**Activity**: Ignoring pictures, transcribe exactly the lines between the one containing "7月10日上午,太阳成集团t" and the end of the material, both included.

**Task data**:

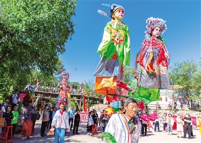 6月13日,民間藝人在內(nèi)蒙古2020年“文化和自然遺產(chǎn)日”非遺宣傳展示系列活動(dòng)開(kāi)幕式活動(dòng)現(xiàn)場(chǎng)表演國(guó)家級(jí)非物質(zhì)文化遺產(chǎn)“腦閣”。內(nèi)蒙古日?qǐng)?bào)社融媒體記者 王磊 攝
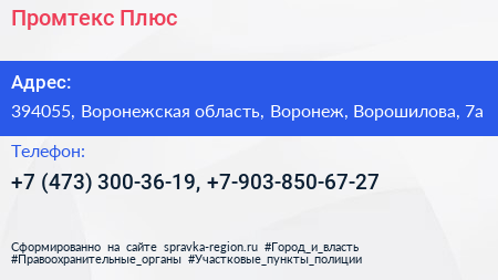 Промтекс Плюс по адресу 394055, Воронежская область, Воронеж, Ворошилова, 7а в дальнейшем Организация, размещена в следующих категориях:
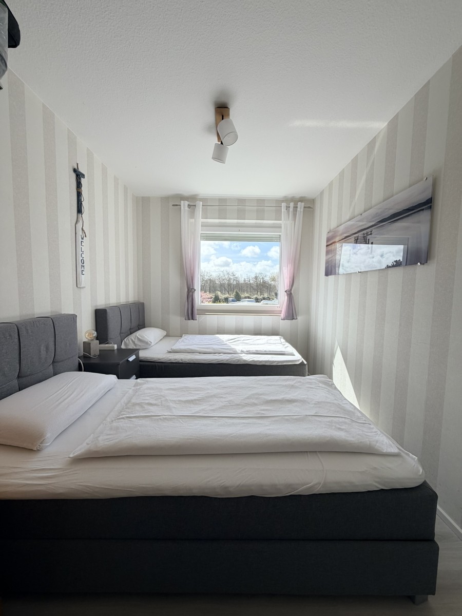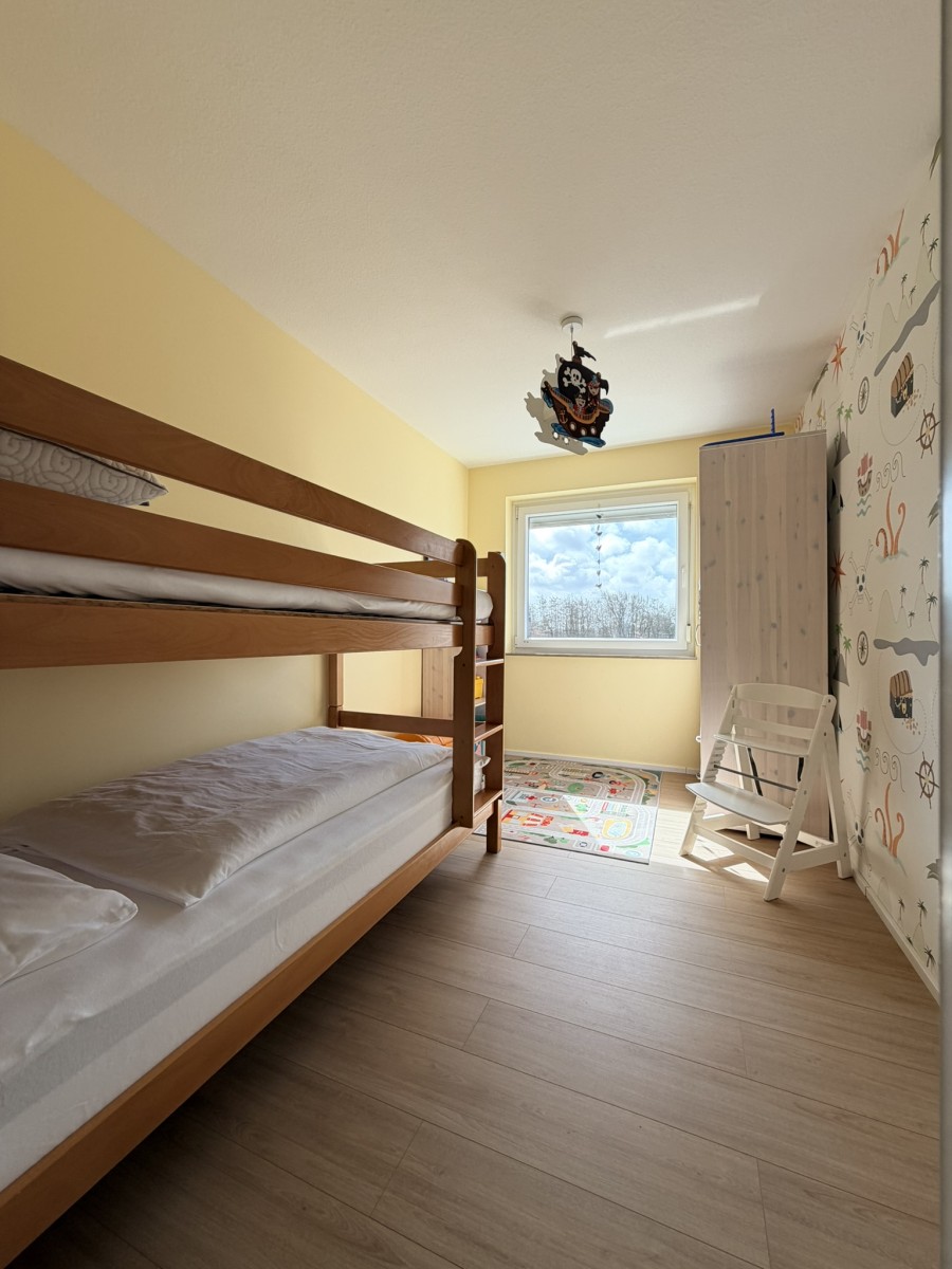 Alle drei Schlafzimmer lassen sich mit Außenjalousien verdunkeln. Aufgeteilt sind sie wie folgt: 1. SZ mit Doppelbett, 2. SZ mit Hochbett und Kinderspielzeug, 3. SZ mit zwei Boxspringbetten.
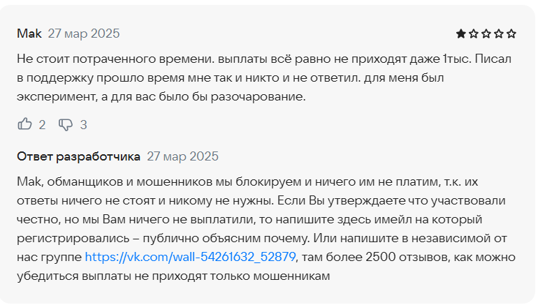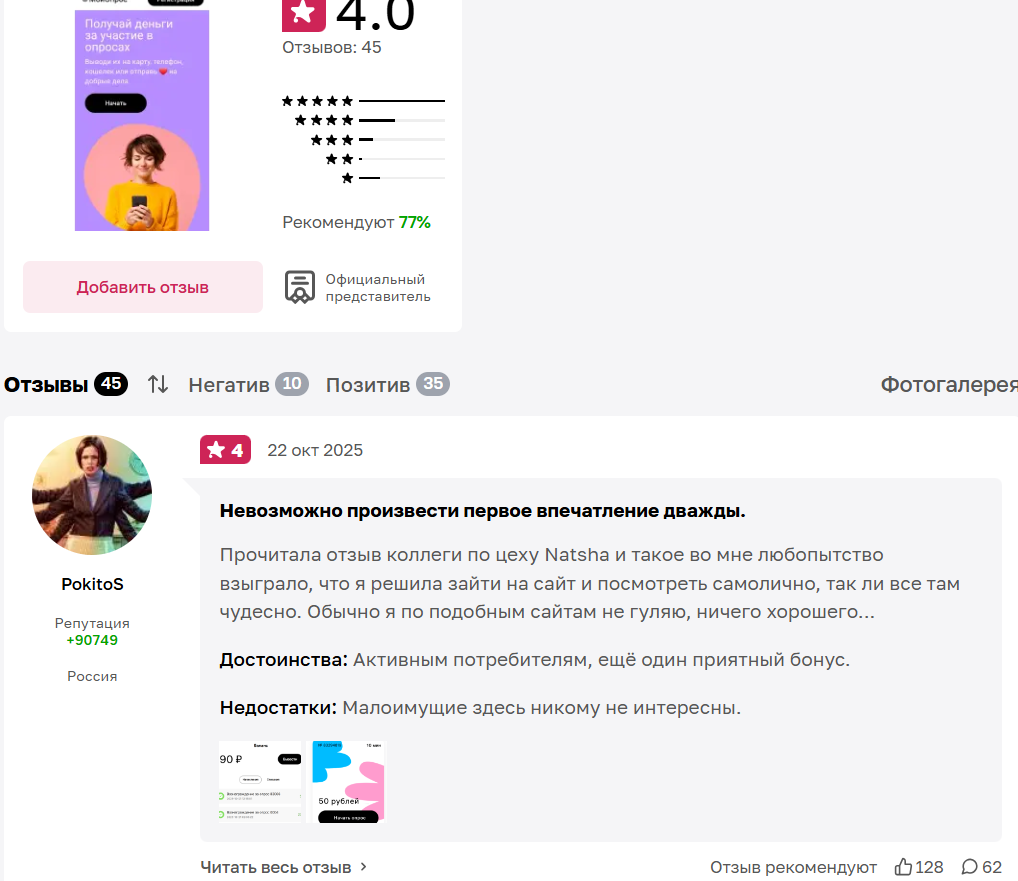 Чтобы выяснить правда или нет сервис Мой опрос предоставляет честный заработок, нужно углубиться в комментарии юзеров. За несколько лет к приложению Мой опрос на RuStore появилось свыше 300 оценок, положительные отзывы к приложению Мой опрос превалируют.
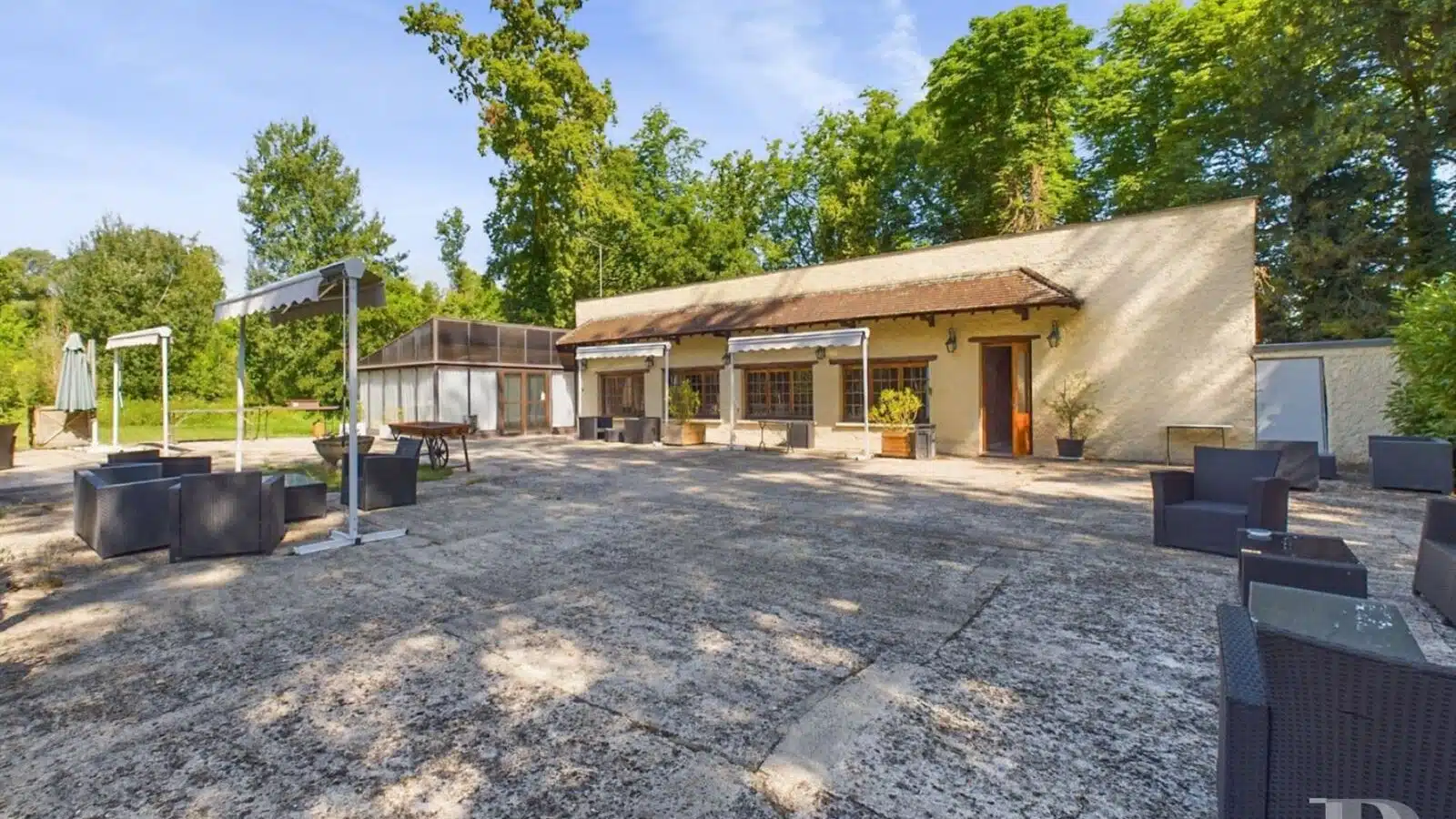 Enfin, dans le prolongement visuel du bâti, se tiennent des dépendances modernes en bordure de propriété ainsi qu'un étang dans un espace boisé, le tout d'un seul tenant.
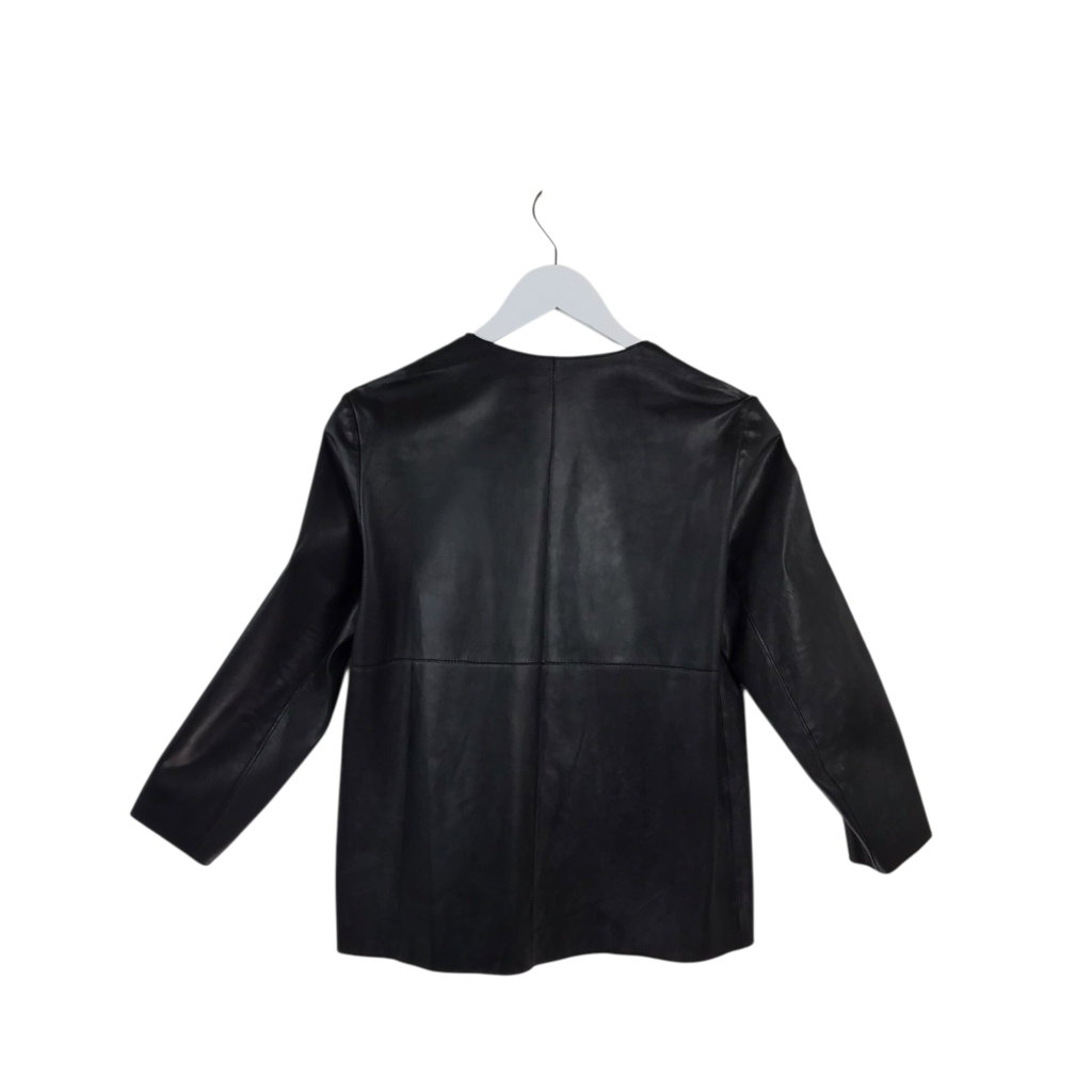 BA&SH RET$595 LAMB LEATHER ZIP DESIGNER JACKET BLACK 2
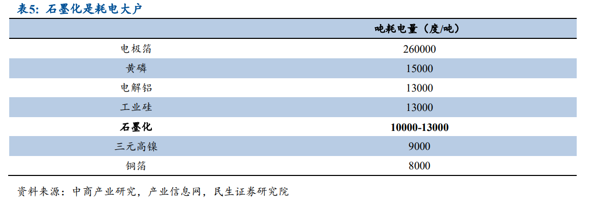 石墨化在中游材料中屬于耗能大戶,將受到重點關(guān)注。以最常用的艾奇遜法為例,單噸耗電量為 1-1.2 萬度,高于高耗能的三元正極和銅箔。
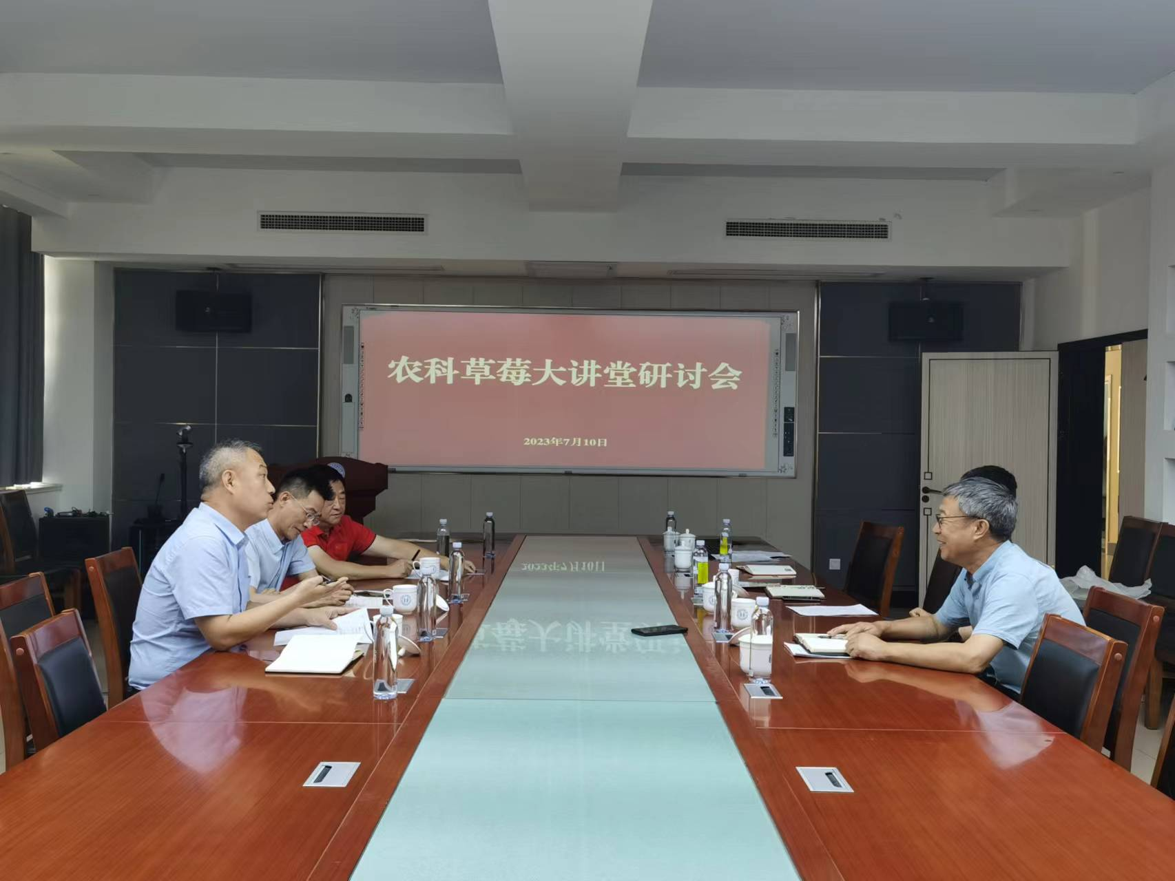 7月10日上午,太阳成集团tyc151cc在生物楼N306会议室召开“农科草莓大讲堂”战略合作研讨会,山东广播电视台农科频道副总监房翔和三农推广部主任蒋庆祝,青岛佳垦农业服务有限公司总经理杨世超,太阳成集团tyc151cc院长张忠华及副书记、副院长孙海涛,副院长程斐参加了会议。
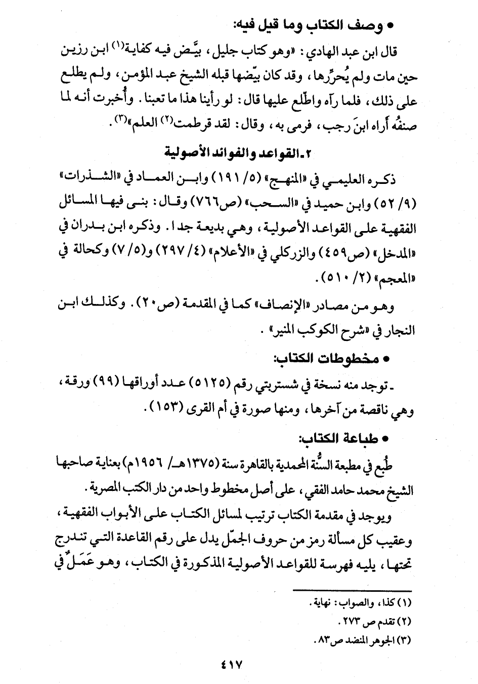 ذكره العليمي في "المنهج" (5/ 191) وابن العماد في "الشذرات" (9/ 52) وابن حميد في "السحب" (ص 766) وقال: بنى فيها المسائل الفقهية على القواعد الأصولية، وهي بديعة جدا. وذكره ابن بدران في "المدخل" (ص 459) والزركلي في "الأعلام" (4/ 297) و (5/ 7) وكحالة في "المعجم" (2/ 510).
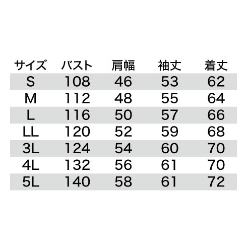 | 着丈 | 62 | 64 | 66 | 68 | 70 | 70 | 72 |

**Response area**:
 7月10日上午,太阳成集团tyc151cc在生物楼N306会议室召开“农科草莓大讲堂”战略合作研讨会,山东广播电视台农科频道副总监房翔和三农推广部主任蒋庆祝,青岛佳垦农业服务有限公司总经理杨世超,太阳成集团tyc151cc院长张忠华及副书记、副院长孙海涛,副院长程斐参加了会议。
 ذكره العليمي في "المنهج" (5/ 191) وابن العماد في "الشذرات" (9/ 52) وابن حميد في "السحب" (ص 766) وقال: بنى فيها المسائل الفقهية على القواعد الأصولية، وهي بديعة جدا. وذكره ابن بدران في "المدخل" (ص 459) والزركلي في "الأعلام" (4/ 297) و (5/ 7) وكحالة في "المعجم" (2/ 510).
 | 着丈 | 62 | 64 | 66 | 68 | 70 | 70 | 72 |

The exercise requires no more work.